Work item
Using the entries below, restate word for word only the lines from the one with "DIY Atomic Pi" to the final line, leaving the pictures out.
---------- Records provided ----------
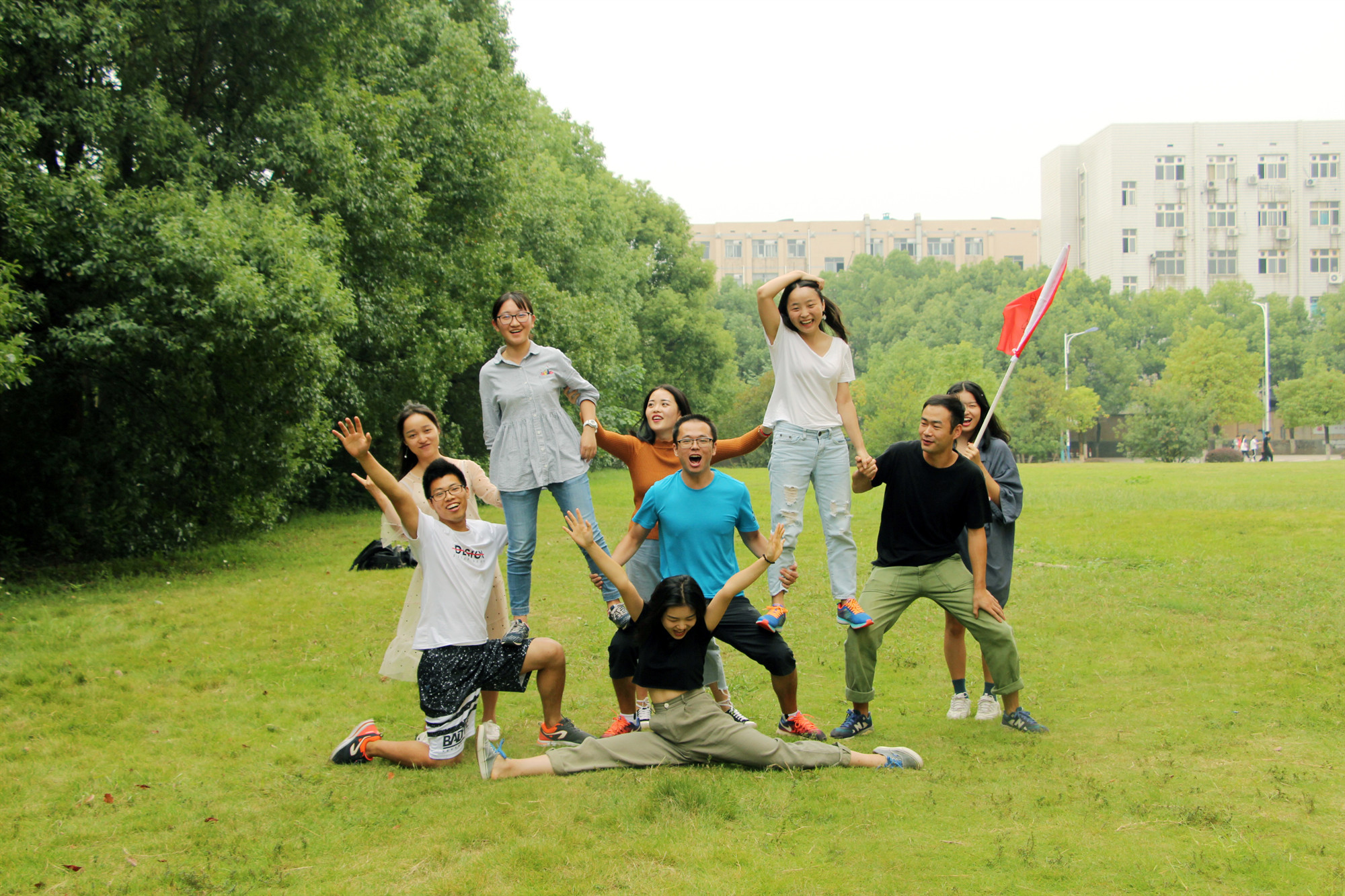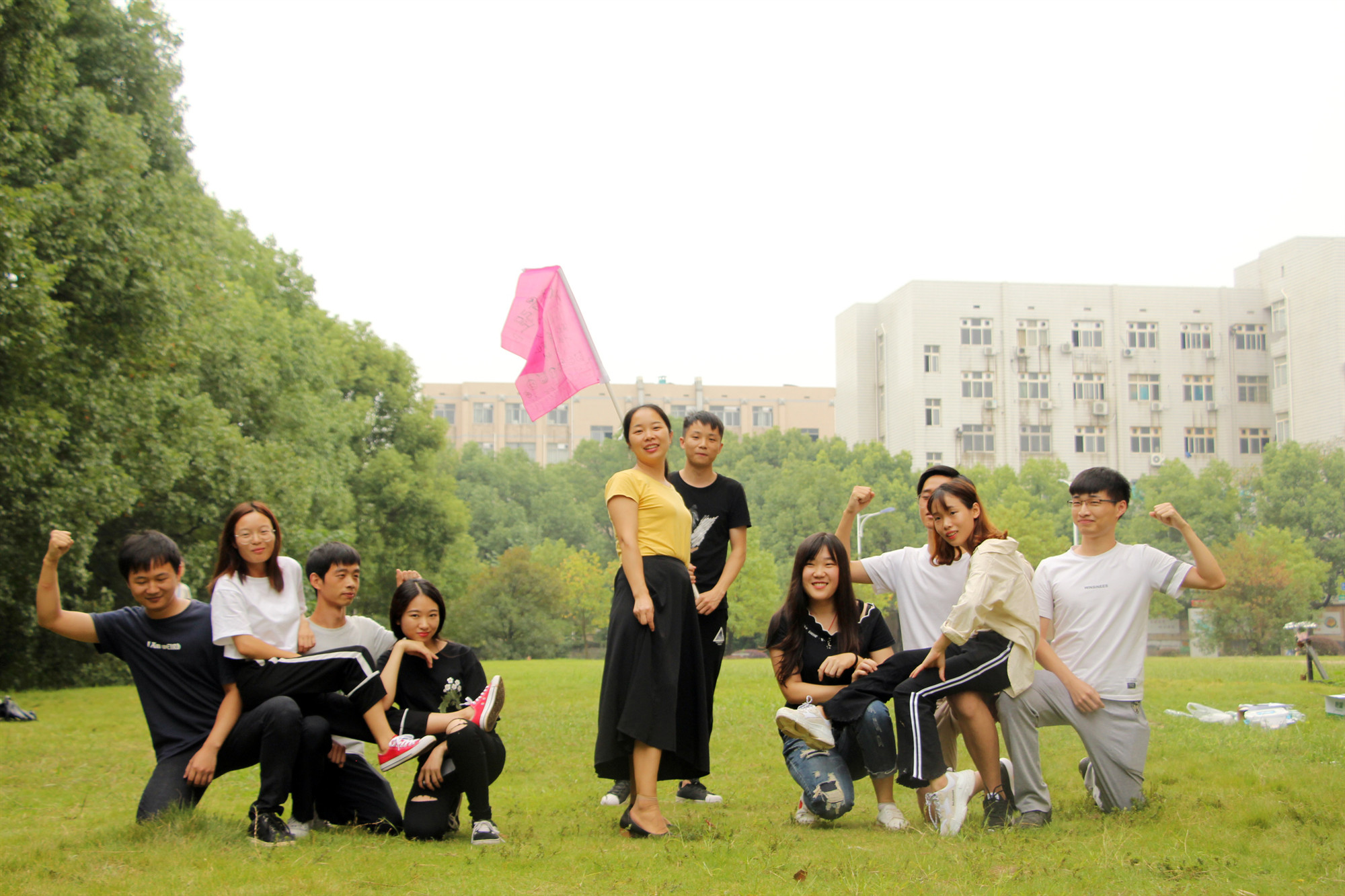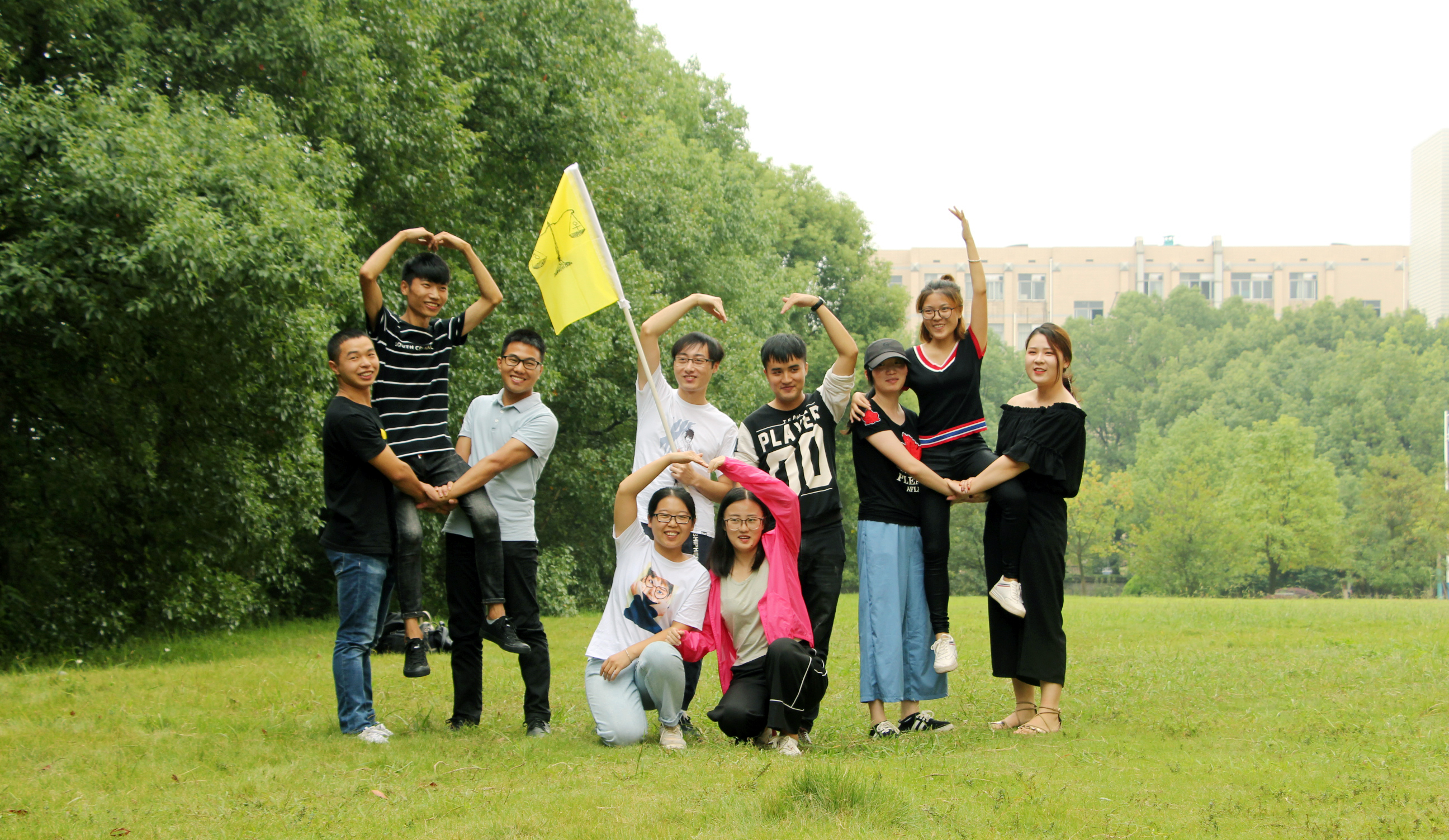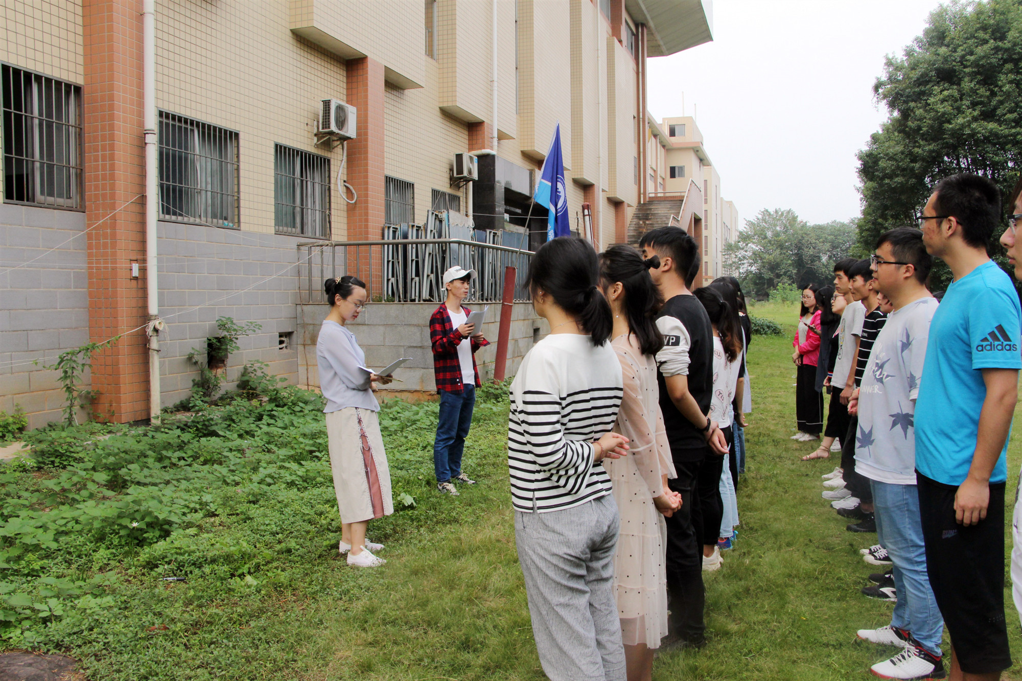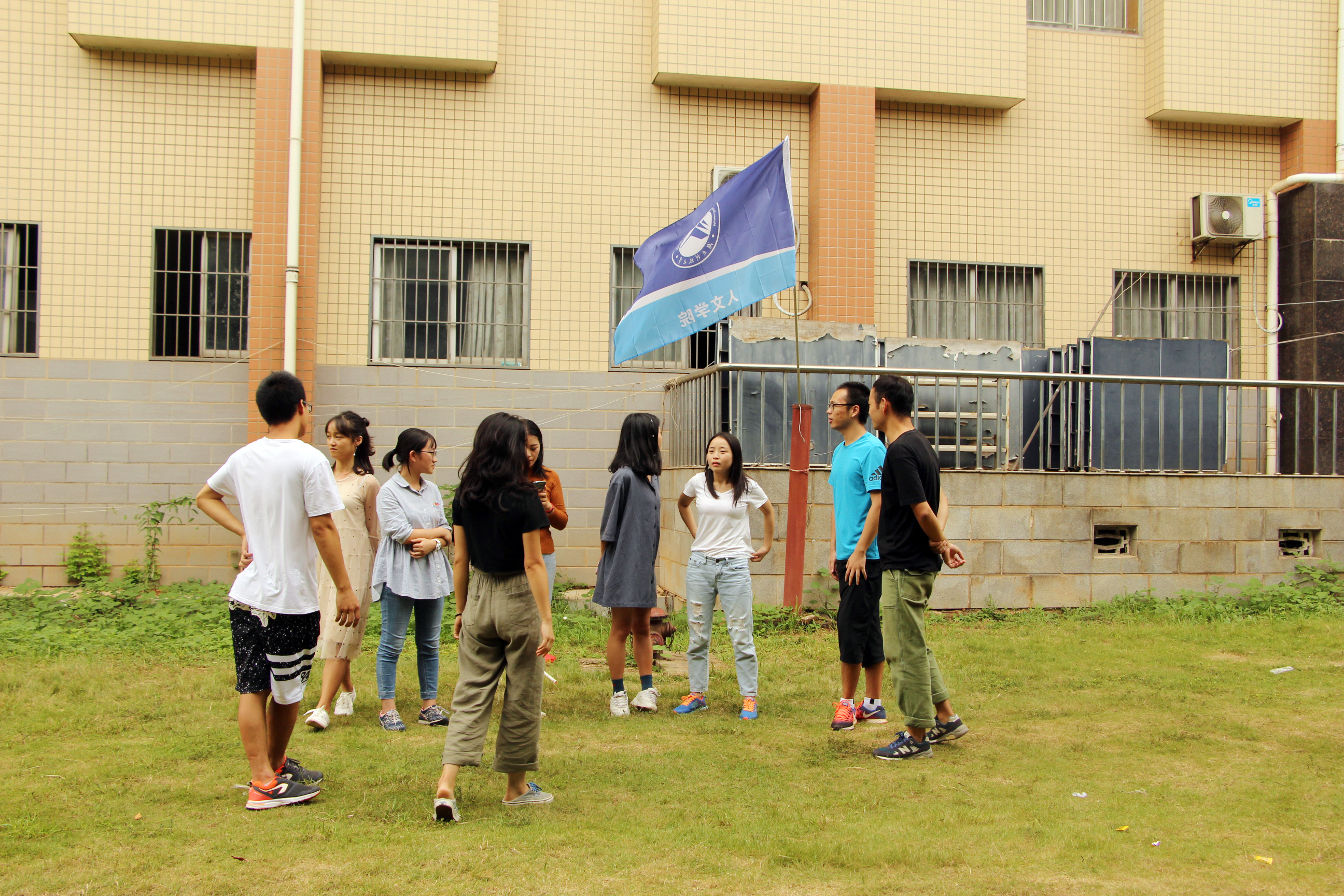 随后,教练将大家随机分成男女比例基本一致的4组,并要求每支队伍在规定时间内完成团队组建。组建内容包括:每支队伍选出队长、队秘和旗手,共同设计队徽、队形等。经过半小时的奇思妙想,产生了“地表最强”、“家里有矿”、“男女平等”、“Flying Rocket”4支队伍,展现了各自的团队风采。新颖的队名、嘹亮的歌声、多样的队形,将“知行合一”的主题完美诠释。
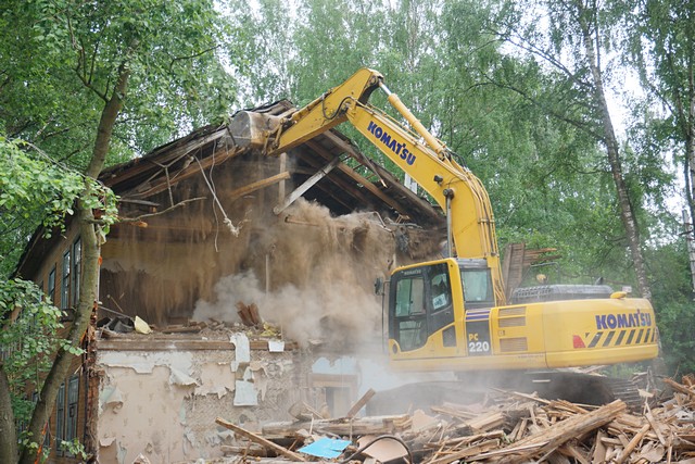 Работы по сносу ведутся в центре города прямо сейчас.
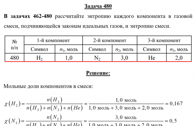 Главная » Учебные материалы » Химия » Решения задач » Несколько классов/семестров » Номер 480 » Задача 480 - рассчитайте энтропию каждого компонента в газовой смеси, подчиняющейся законам идеальных газов, и энтропию смеси.
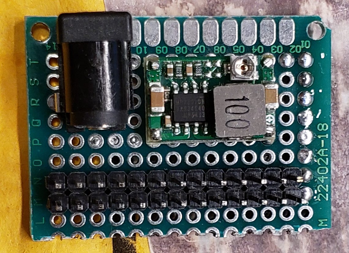 DIY Atomic Pi Power Connector Published June 25, 2019 at 1139 × 826 in Atomic Pi Adventures, Episode 1: Adding external PCI Express expansion by removing onboard Ethernet My own DC input board for the Atomic Pi. 12-volt barrel jack input is converted to 5 volts with a DC-DC converter module.
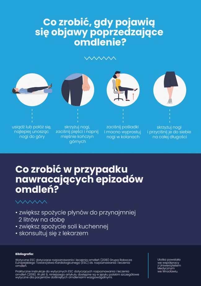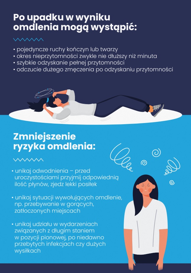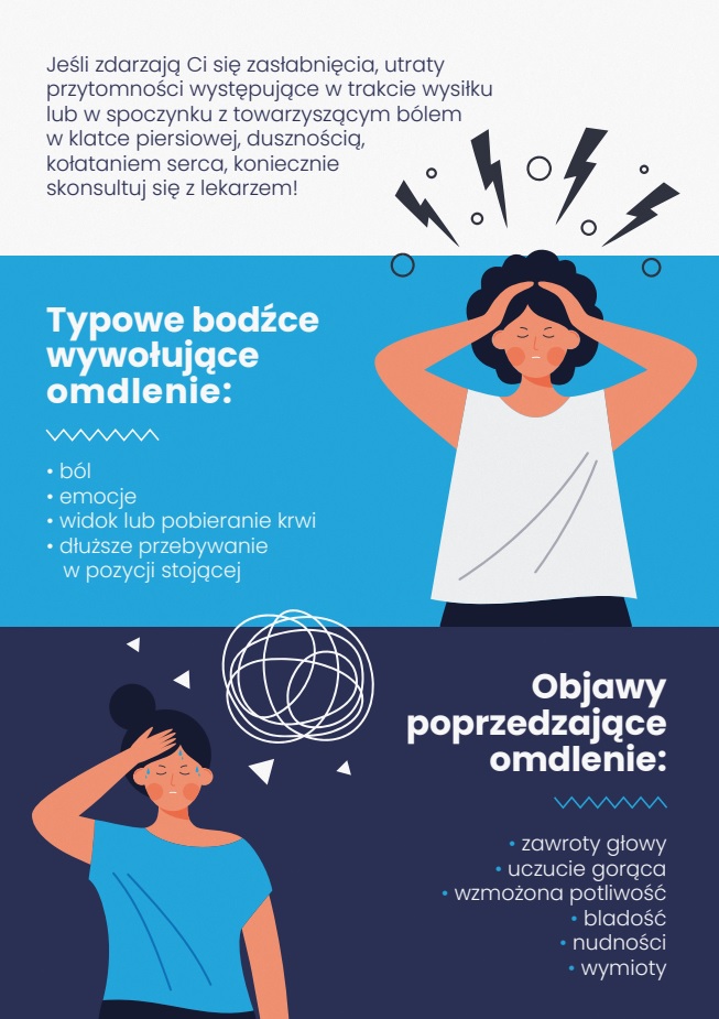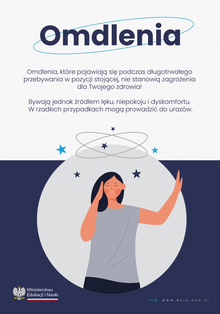 Szanowni Państwo, Drodzy Rodzice, Uczniowie i Nauczyciele w załączeniu przekazujemy ulotkę przygotowaną przez studentów z Uniwersytetu Medycznego im. Piastów Śląskich we Wrocławiu we współpracy z Ministerstwem Edukacji i Nauki. Materiał zawiera najważniejsze informacje dotyczące m.in. przyczyn omdleń, ich charakterystycznych objawów czy sposobów na zmniejszenie ryzyka omdleń.
----------
Finished task
 DIY Atomic Pi Power Connector Published June 25, 2019 at 1139 × 826 in Atomic Pi Adventures, Episode 1: Adding external PCI Express expansion by removing onboard Ethernet My own DC input board for the Atomic Pi. 12-volt barrel jack input is converted to 5 volts with a DC-DC converter module.
 Szanowni Państwo, Drodzy Rodzice, Uczniowie i Nauczyciele w załączeniu przekazujemy ulotkę przygotowaną przez studentów z Uniwersytetu Medycznego im. Piastów Śląskich we Wrocławiu we współpracy z Ministerstwem Edukacji i Nauki. Materiał zawiera najważniejsze informacje dotyczące m.in. przyczyn omdleń, ich charakterystycznych objawów czy sposobów na zmniejszenie ryzyka omdleń.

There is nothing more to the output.